Bobb Jennifer F, Dominici Francesca, Peng Roger D
Department of Biostatistics, Johns Hopkins Bloomberg School of Public Health, Baltimore, Maryland 21205, USA.
Biometrics. 2011 Dec;67(4):1605-16. doi: 10.1111/j.1541-0420.2011.01583.x. Epub 2011 Mar 29.
Estimating the risks heat waves pose to human health is a critical part of assessing the future impact of climate change. In this article, we propose a flexible class of time series models to estimate the relative risk of mortality associated with heat waves and conduct Bayesian model averaging (BMA) to account for the multiplicity of potential models. Applying these methods to data from 105 U.S. cities for the period 1987-2005, we identify those cities having a high posterior probability of increased mortality risk during heat waves, examine the heterogeneity of the posterior distributions of mortality risk across cities, assess sensitivity of the results to the selection of prior distributions, and compare our BMA results to a model selection approach.
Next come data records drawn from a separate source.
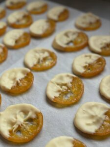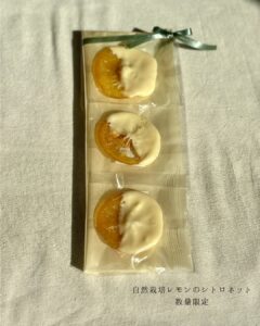 丁寧にアク抜きしたレモンに、じっくり時間をかけて砂糖を含ませたものにホワイトチョコレートをコーティングしました。
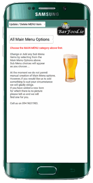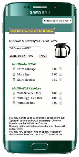 (Optional choices may include items such as "Extra Mushrooms", "Side Salad", "Can of Coke" - essentially anything you think the customer might like with their meal.) Sub MENU choices
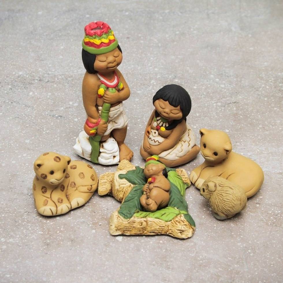 Handpainted Traditional Nativity Scene from Peru Set of 7 'Born in the Amazon' Item ID: 2671402780
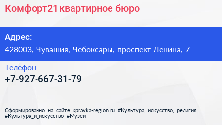 Комфорт21, квартирное бюро по адресу 428003, Чувашия, Чебоксары, проспект Ленина, 7 в дальнейшем Организация, размещена в следующих категориях:

Our results show that no single model best predicts risk across the majority of cities, and that for some cities heat-wave risk estimation is sensitive to model choice. Although model averaging leads to posterior distributions with increased variance as compared to statistical inference conditional on a model obtained through model selection, we find that the posterior mean of heat wave mortality risk is robust to accounting for model uncertainty over a broad class of models.
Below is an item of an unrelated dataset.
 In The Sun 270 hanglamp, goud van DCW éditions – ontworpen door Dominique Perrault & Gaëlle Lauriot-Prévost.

估算热浪对人类健康构成的风险是评估气候变化未来影响的关键部分。在本文中,我们提出了一类灵活的时间序列模型,以估算与热浪相关的死亡相对风险,并进行贝叶斯模型平均(BMA)以考虑潜在模型的多样性。将这些方法应用于1987 - 2005年期间美国105个城市的数据,我们确定了那些在热浪期间死亡风险增加的后验概率较高的城市,研究了各城市死亡风险后验分布的异质性,评估了结果对先验分布选择的敏感性,并将我们的BMA结果与一种模型选择方法进行了比较。我们的结果表明,没有一个单一模型能在大多数城市中最佳地预测风险,并且对于一些城市,热浪风险估计对模型选择很敏感。尽管与基于通过模型选择获得的模型的统计推断相比,模型平均导致后验分布的方差增加,但我们发现热浪死亡风险的后验均值在考虑广泛模型类别的模型不确定性时是稳健的。